__YOUR TASK__. Below are entries; repeat exactly, and nothing else, the lines from the one holding "歯がどのようにむし歯になるの" through the one holding "- Holiday appointments", inclusive. Leave the pictures out.

__ENTRIES SUPPLIED__.
↓

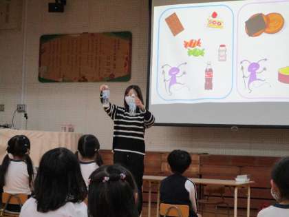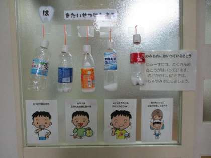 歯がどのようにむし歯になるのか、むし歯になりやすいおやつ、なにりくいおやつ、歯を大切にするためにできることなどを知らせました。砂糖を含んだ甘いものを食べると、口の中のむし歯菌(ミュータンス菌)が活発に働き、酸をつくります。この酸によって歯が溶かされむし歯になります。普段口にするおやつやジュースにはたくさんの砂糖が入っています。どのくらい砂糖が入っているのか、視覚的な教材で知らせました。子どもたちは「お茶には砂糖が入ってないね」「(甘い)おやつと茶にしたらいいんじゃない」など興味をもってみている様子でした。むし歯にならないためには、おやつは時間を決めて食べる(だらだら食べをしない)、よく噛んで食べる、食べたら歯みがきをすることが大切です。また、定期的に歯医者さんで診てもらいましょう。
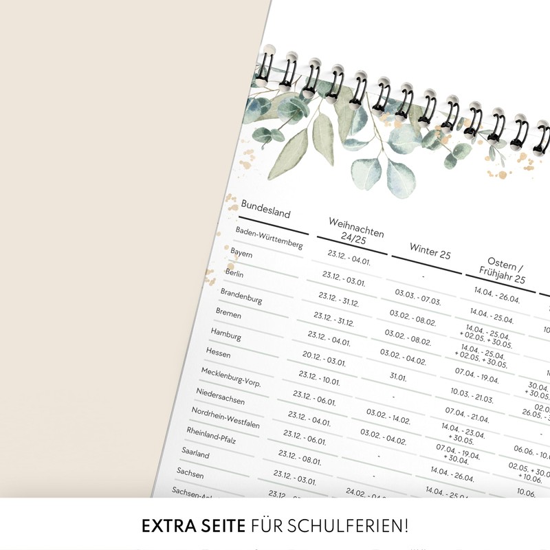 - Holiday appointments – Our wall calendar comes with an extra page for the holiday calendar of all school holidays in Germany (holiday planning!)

↑
↓

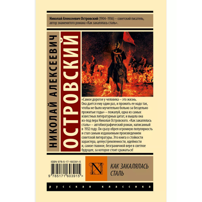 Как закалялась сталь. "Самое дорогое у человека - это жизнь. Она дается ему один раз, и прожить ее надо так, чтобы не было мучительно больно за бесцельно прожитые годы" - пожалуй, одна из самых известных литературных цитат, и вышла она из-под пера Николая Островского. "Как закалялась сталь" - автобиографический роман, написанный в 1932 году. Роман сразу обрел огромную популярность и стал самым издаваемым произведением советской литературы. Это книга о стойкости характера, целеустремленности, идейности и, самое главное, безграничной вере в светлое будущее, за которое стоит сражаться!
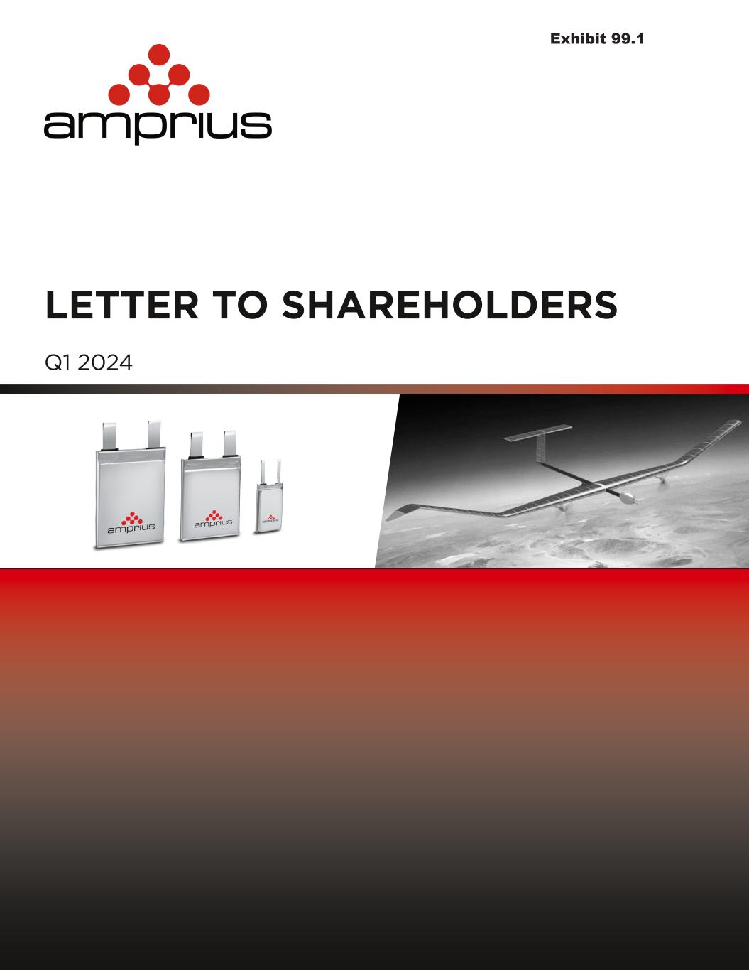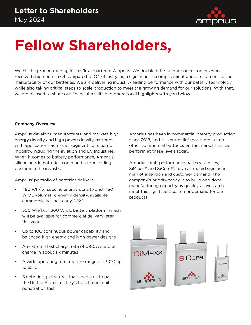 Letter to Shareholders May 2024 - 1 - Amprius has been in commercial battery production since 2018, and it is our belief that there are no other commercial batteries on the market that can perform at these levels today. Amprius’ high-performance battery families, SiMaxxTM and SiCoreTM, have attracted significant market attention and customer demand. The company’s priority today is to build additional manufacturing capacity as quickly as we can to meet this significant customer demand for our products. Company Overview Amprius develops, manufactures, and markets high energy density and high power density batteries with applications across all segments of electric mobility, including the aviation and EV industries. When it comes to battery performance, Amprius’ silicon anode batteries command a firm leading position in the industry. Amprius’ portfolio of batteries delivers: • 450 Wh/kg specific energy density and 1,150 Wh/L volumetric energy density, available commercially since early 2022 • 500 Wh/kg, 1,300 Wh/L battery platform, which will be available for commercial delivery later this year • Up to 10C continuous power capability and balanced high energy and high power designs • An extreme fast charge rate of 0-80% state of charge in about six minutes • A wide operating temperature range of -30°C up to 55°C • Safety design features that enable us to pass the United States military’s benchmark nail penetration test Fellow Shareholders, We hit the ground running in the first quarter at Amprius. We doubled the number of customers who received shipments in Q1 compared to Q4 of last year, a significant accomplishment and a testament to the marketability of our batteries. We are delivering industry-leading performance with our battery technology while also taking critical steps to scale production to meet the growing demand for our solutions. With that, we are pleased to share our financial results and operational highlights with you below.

↑

__COMPLETED EXERCISE__.
 歯がどのようにむし歯になるのか、むし歯になりやすいおやつ、なにりくいおやつ、歯を大切にするためにできることなどを知らせました。砂糖を含んだ甘いものを食べると、口の中のむし歯菌(ミュータンス菌)が活発に働き、酸をつくります。この酸によって歯が溶かされむし歯になります。普段口にするおやつやジュースにはたくさんの砂糖が入っています。どのくらい砂糖が入っているのか、視覚的な教材で知らせました。子どもたちは「お茶には砂糖が入ってないね」「(甘い)おやつと茶にしたらいいんじゃない」など興味をもってみている様子でした。むし歯にならないためには、おやつは時間を決めて食べる(だらだら食べをしない)、よく噛んで食べる、食べたら歯みがきをすることが大切です。また、定期的に歯医者さんで診てもらいましょう。
 - Holiday appointments – Our wall calendar comes with an extra page for the holiday calendar of all school holidays in Germany (holiday planning!)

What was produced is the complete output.